- _INSTRUCTIONS FOR THE TASK_:
Output all of the data exactly as it appears, but leave out any pictures it contains.

##########

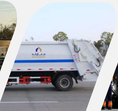
ما قبل عملية التجميع
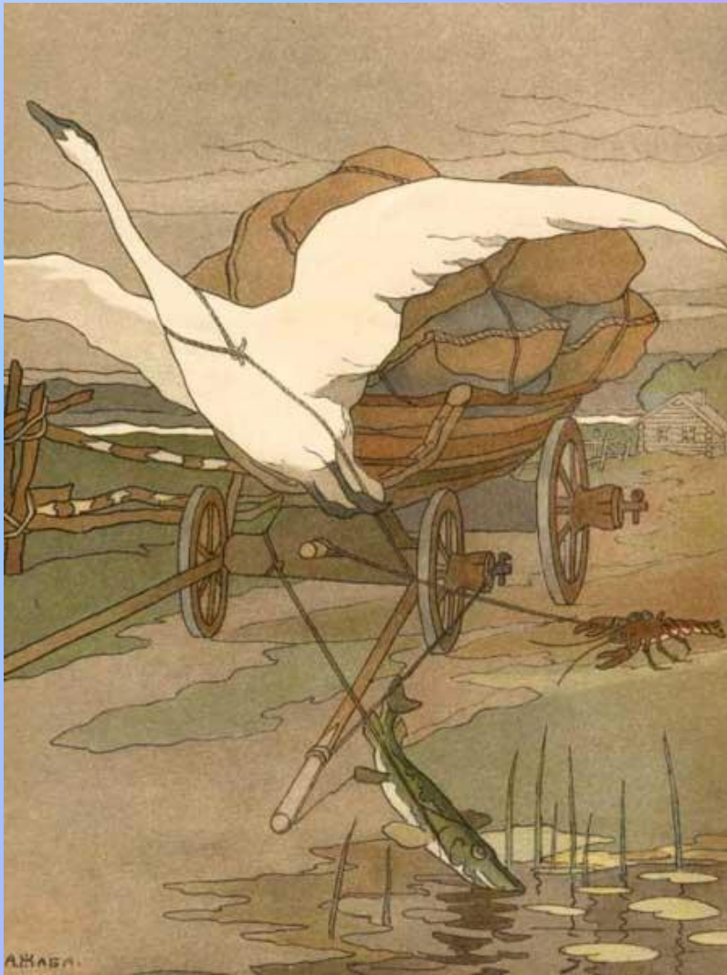
Лебедь, щука и рак
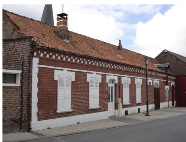
Vue générale du logis.
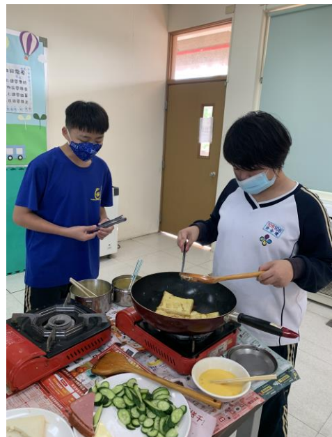
動手自己做營養又好吃
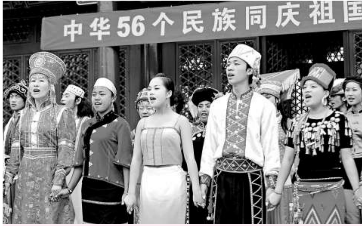
白皮書指出「民族平等，是中國民族政策的基石」。圖為二十五日，來自全國各地的少數民族演員在北京中華民族園齊唱《歌唱祖國》

白皮書指出，為妥善處理影響民族團結的矛盾和問題，中國堅持團結、教育、疏導、化解為主的方針，具體問題具體分析，是什麼問題就解決什麼問題，避免事態擴大和矛盾激化。「國家維護法律尊嚴，維護人民利益，凡屬違法犯罪的，不論涉及哪個民族、信仰何種宗教，都依法處理。」
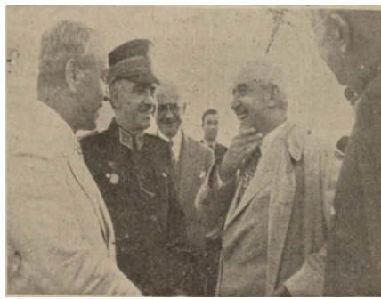
“İnönü’nün Ankara’da karşılanması”, Cumhuriyet , S: 5475, 9 Ağustos 1939, s. 7.
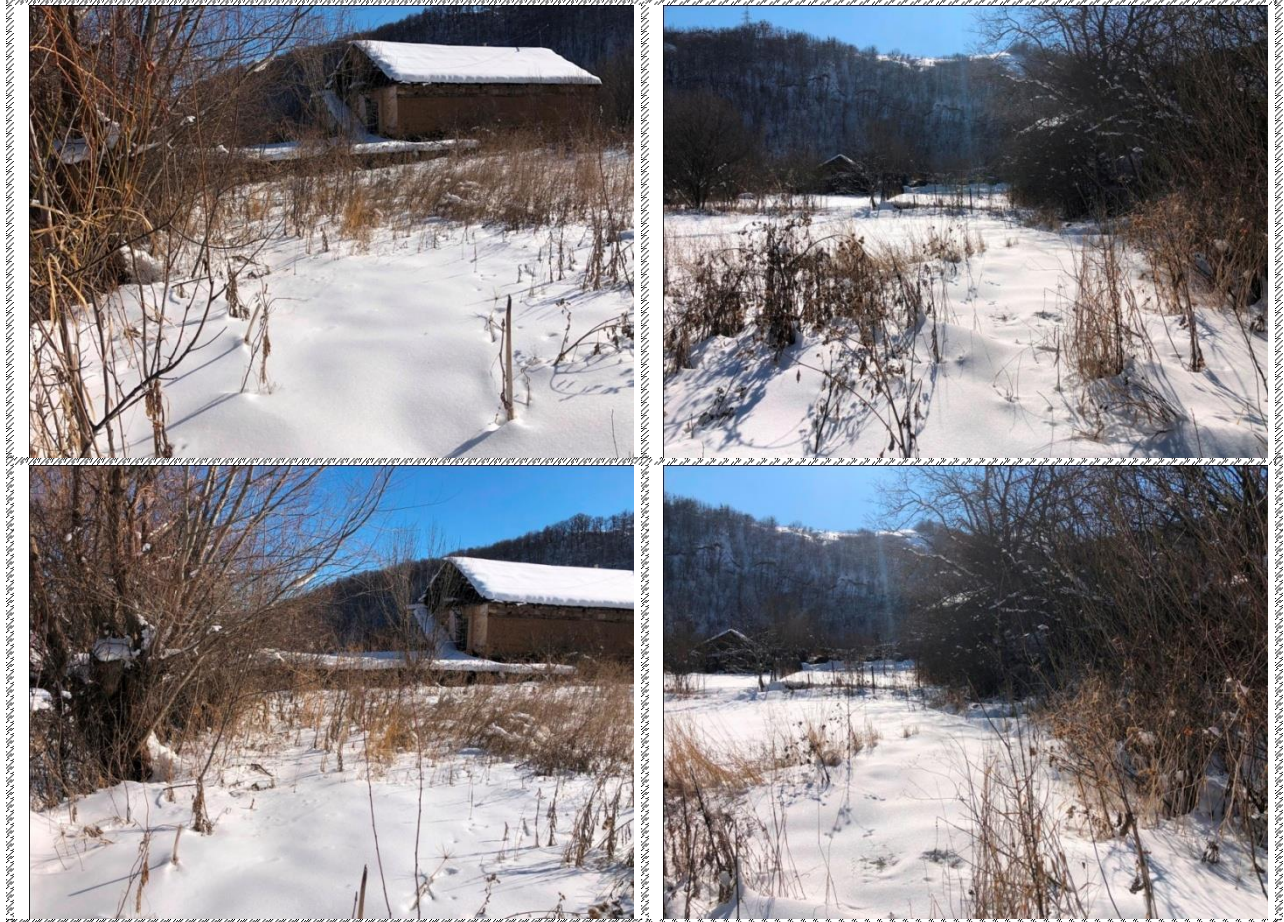
Անշարժ գույքի լուսանկարները
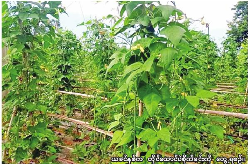
ယခင်နှစ်က တိုင်ထောင်ပဲစိုက်ခင်းကို တွေ့ရစဉ်။
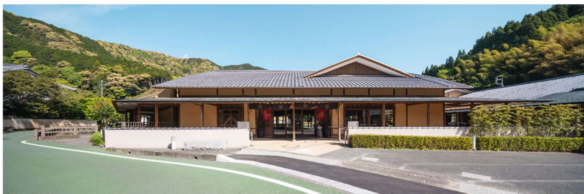
駿府の工房 匠宿外観

そして現在、駿府の工房 匠宿を中心とした匠宿エリアを、100年先の未来にも手しごとを、そして手しごとをつたえる人を残すため歩を進めています。
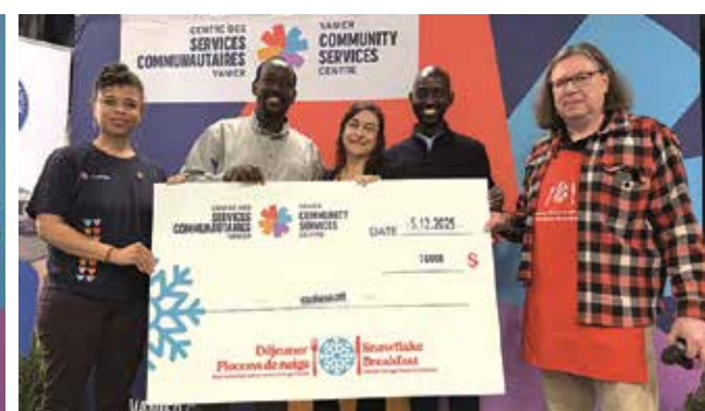
Contribution de 1 000 $ de La Cité
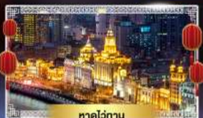
หาดไว่ถาน
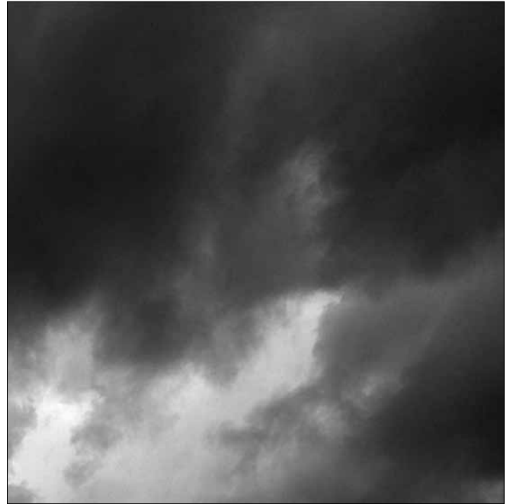
Bioenergien, die Klimakrise und der Hunger ...

Mit Hochdruck wurde in diesem Jahr an den Nachhaltigkeitsverordnungen Biomassestrom und Biokraftstoff gearbeitet, die bis 2010 umgesetzt werden soll und Grundlage der Zertifizierung wird. Bisher weisen die Nachhaltigkeitsverordnungen aber große Lücken auf. Weder die Ernährungssicherung noch Sozialstandards finden sich in den Verordnungen wieder. Ein weiteres Loch klafft bezüglich der indirekten Landnutzungsänderungen, die ebenfalls bisher nicht erfasst werden. Negative Treibhausgasbilanzen, die durch die Rodung von Urwäldern entstehen, werden nur dann einbezogen, wenn eine Energiepflanzenplantage direkt auf Urwaldgebiet angelegt wird. Werden die Plantagen auf alten Produktionsflächen oder Viehweiden angelegt und diese verdrängen dann den Urwald, so sind die Treibhausgasbilanzen nicht erfasst. Auf dieser Grundlage wird die Zertifizierung eine Mogelpackung. Der VEN fordert, diese Defizite offen zu legen und sich darauf zu konzentrieren, den eigenen Energiebedarf eben nicht mit Importen zu decken. NGO's aus dem Süden fordern zu Recht: Werdet ihr im Norden nachhaltig, das ist für uns gute Entwicklungspolitik!

##########

- _WORKED SOLUTION_:
ما قبل عملية التجميع
Лебедь, щука и рак
Vue générale du logis.
動手自己做營養又好吃
白皮書指出「民族平等，是中國民族政策的基石」。圖為二十五日，來自全國各地的少數民族演員在北京中華民族園齊唱《歌唱祖國》

白皮書指出，為妥善處理影響民族團結的矛盾和問題，中國堅持團結、教育、疏導、化解為主的方針，具體問題具體分析，是什麼問題就解決什麼問題，避免事態擴大和矛盾激化。「國家維護法律尊嚴，維護人民利益，凡屬違法犯罪的，不論涉及哪個民族、信仰何種宗教，都依法處理。」
“İnönü’nün Ankara’da karşılanması”, Cumhuriyet , S: 5475, 9 Ağustos 1939, s. 7.
Անշարժ գույքի լուսանկարները
ယခင်နှစ်က တိုင်ထောင်ပဲစိုက်ခင်းကို တွေ့ရစဉ်။
駿府の工房 匠宿外観

そして現在、駿府の工房 匠宿を中心とした匠宿エリアを、100年先の未来にも手しごとを、そして手しごとをつたえる人を残すため歩を進めています。
Contribution de 1 000 $ de La Cité
หาดไว่ถาน
Bioenergien, die Klimakrise und der Hunger ...

Mit Hochdruck wurde in diesem Jahr an den Nachhaltigkeitsverordnungen Biomassestrom und Biokraftstoff gearbeitet, die bis 2010 umgesetzt werden soll und Grundlage der Zertifizierung wird. Bisher weisen die Nachhaltigkeitsverordnungen aber große Lücken auf. Weder die Ernährungssicherung noch Sozialstandards finden sich in den Verordnungen wieder. Ein weiteres Loch klafft bezüglich der indirekten Landnutzungsänderungen, die ebenfalls bisher nicht erfasst werden. Negative Treibhausgasbilanzen, die durch die Rodung von Urwäldern entstehen, werden nur dann einbezogen, wenn eine Energiepflanzenplantage direkt auf Urwaldgebiet angelegt wird. Werden die Plantagen auf alten Produktionsflächen oder Viehweiden angelegt und diese verdrängen dann den Urwald, so sind die Treibhausgasbilanzen nicht erfasst. Auf dieser Grundlage wird die Zertifizierung eine Mogelpackung. Der VEN fordert, diese Defizite offen zu legen und sich darauf zu konzentrieren, den eigenen Energiebedarf eben nicht mit Importen zu decken. NGO's aus dem Süden fordern zu Recht: Werdet ihr im Norden nachhaltig, das ist für uns gute Entwicklungspolitik!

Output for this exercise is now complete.